ABOUT THIS EXERCISE » Would you restate the listing word for word, with the images omitted?

STORED DATA »
┏━━

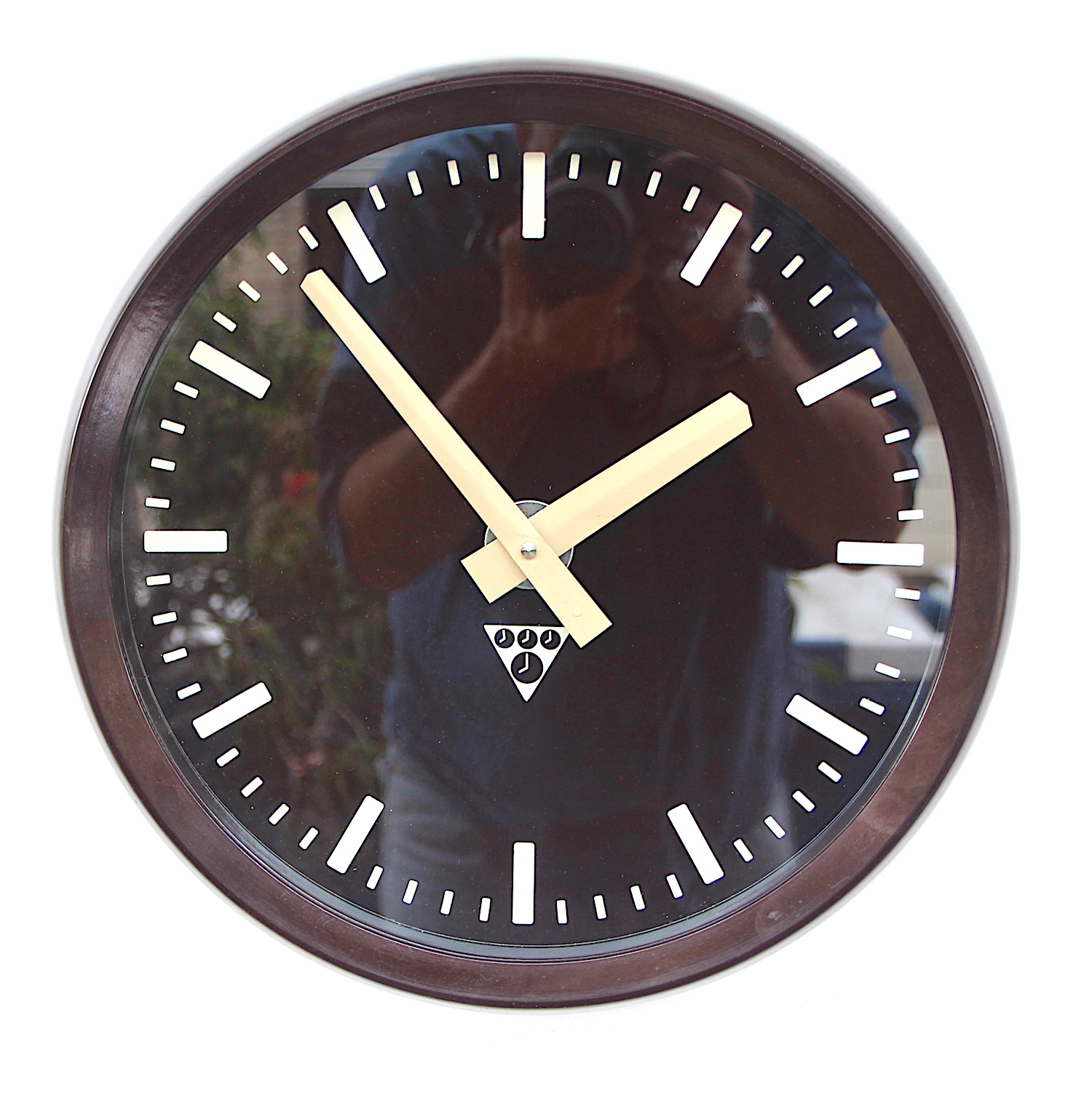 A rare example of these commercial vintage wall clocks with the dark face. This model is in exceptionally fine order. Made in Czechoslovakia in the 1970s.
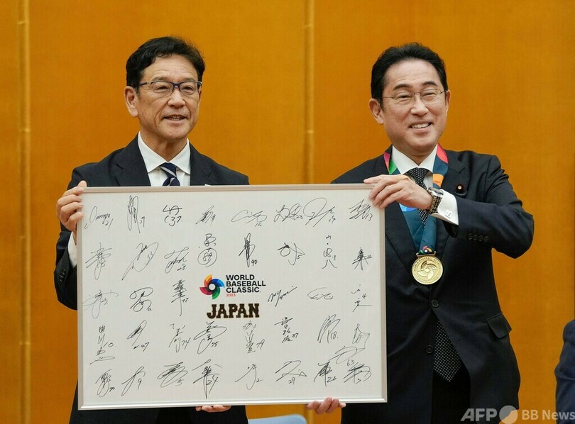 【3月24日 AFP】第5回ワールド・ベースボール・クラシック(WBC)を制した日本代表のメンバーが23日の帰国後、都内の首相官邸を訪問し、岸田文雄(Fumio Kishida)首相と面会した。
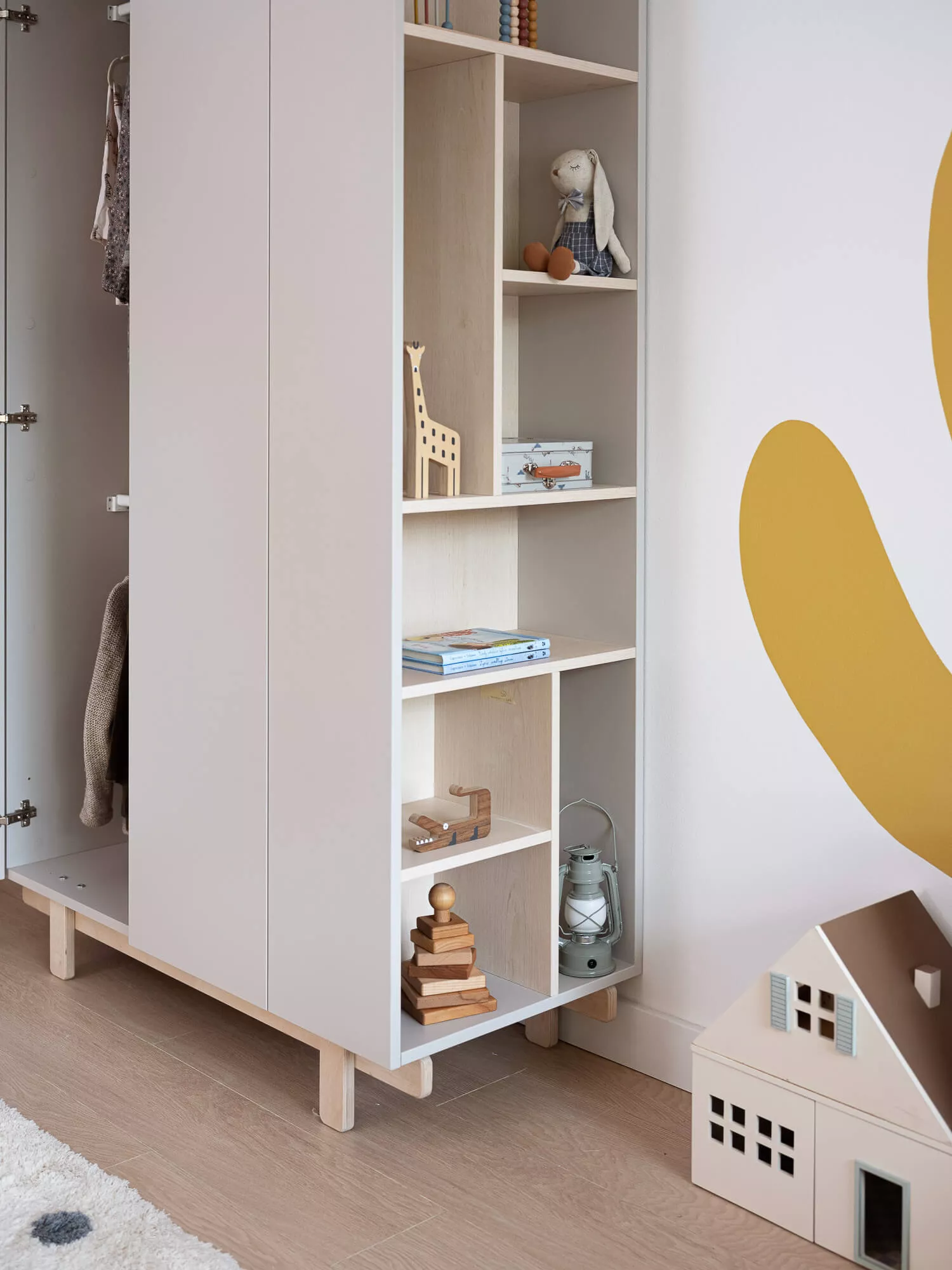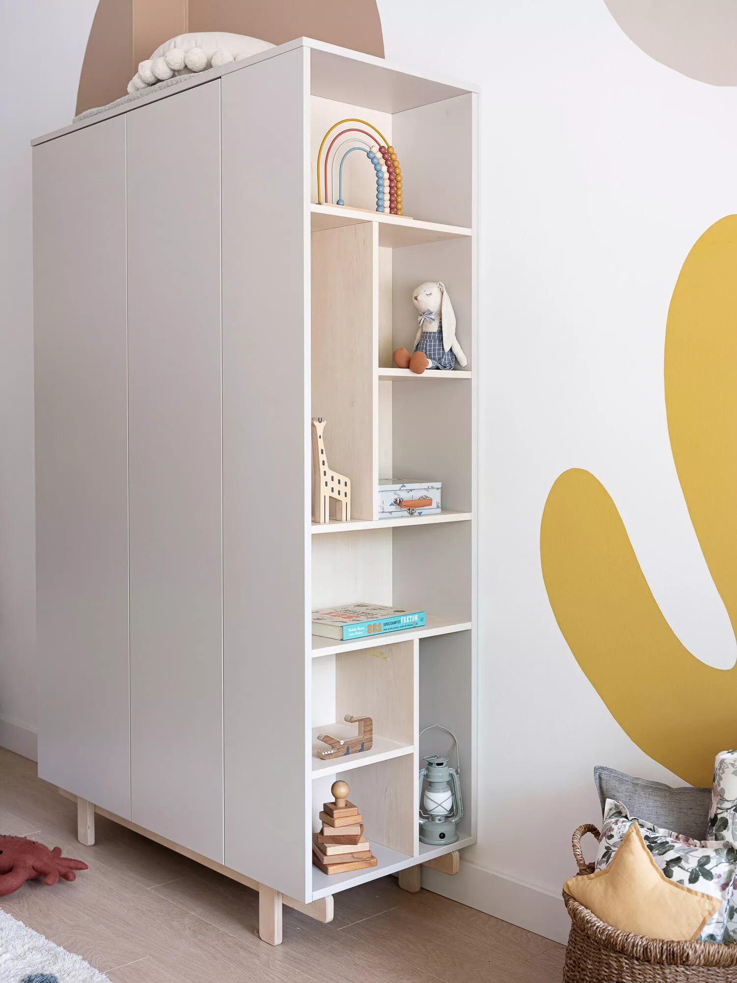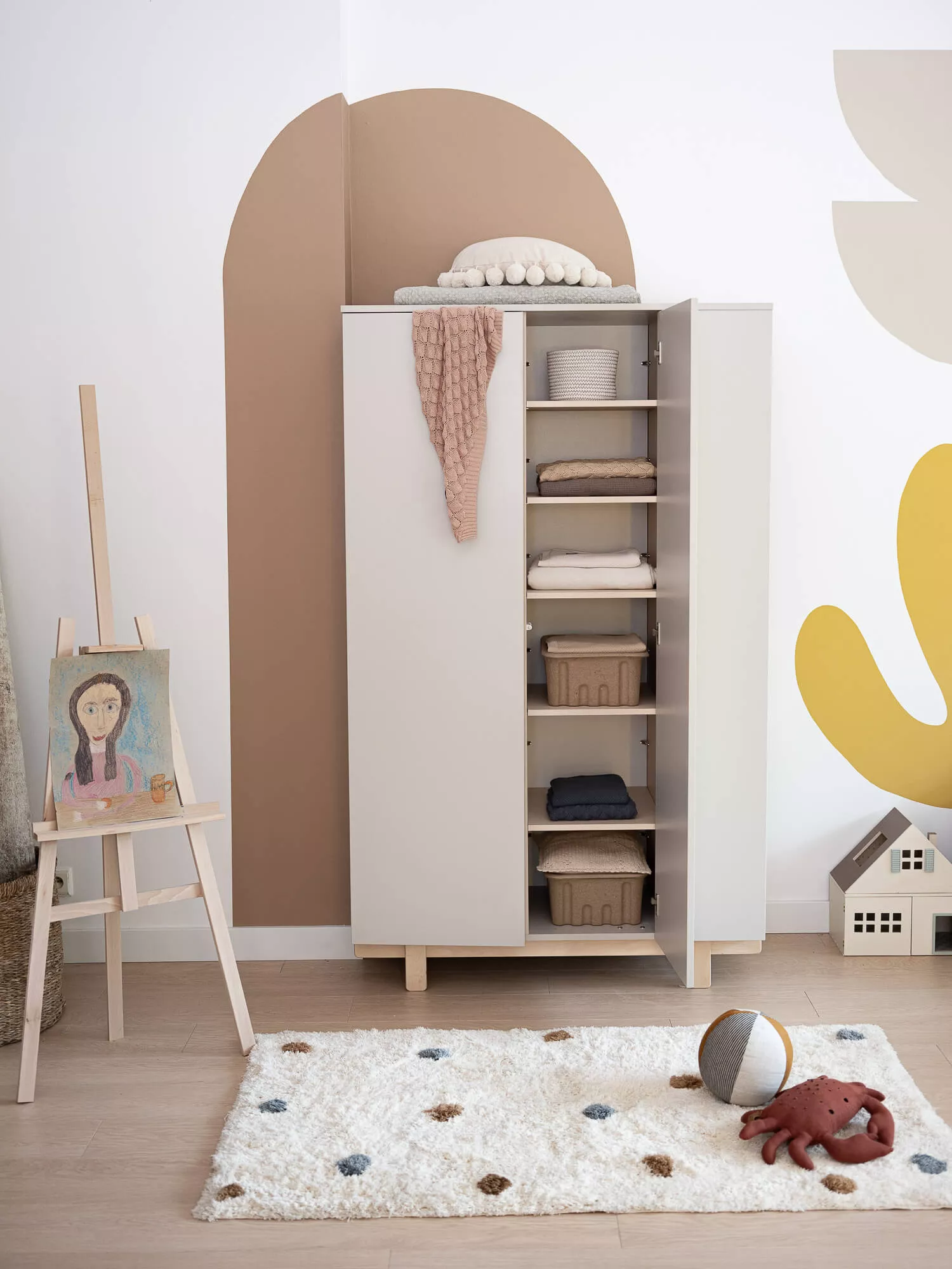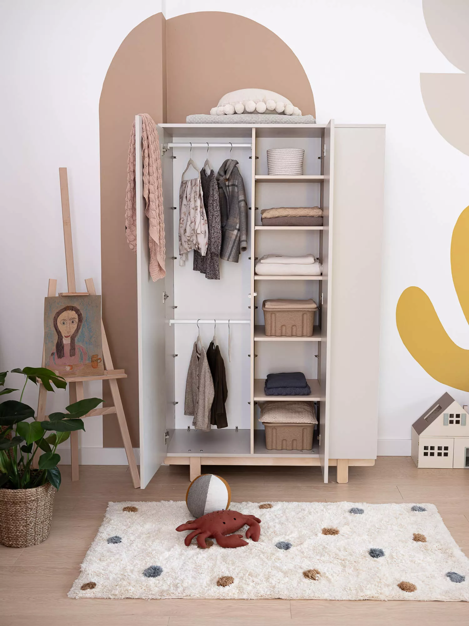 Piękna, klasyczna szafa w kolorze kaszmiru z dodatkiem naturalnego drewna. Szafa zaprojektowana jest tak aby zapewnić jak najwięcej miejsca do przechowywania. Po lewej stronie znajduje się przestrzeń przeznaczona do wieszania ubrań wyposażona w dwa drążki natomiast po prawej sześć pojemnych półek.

┗━━

WRITTEN ANSWER »
 A rare example of these commercial vintage wall clocks with the dark face. This model is in exceptionally fine order. Made in Czechoslovakia in the 1970s.
 【3月24日 AFP】第5回ワールド・ベースボール・クラシック(WBC)を制した日本代表のメンバーが23日の帰国後、都内の首相官邸を訪問し、岸田文雄(Fumio Kishida)首相と面会した。
 Piękna, klasyczna szafa w kolorze kaszmiru z dodatkiem naturalnego drewna. Szafa zaprojektowana jest tak aby zapewnić jak najwięcej miejsca do przechowywania. Po lewej stronie znajduje się przestrzeń przeznaczona do wieszania ubrań wyposażona w dwa drążki natomiast po prawej sześć pojemnych półek.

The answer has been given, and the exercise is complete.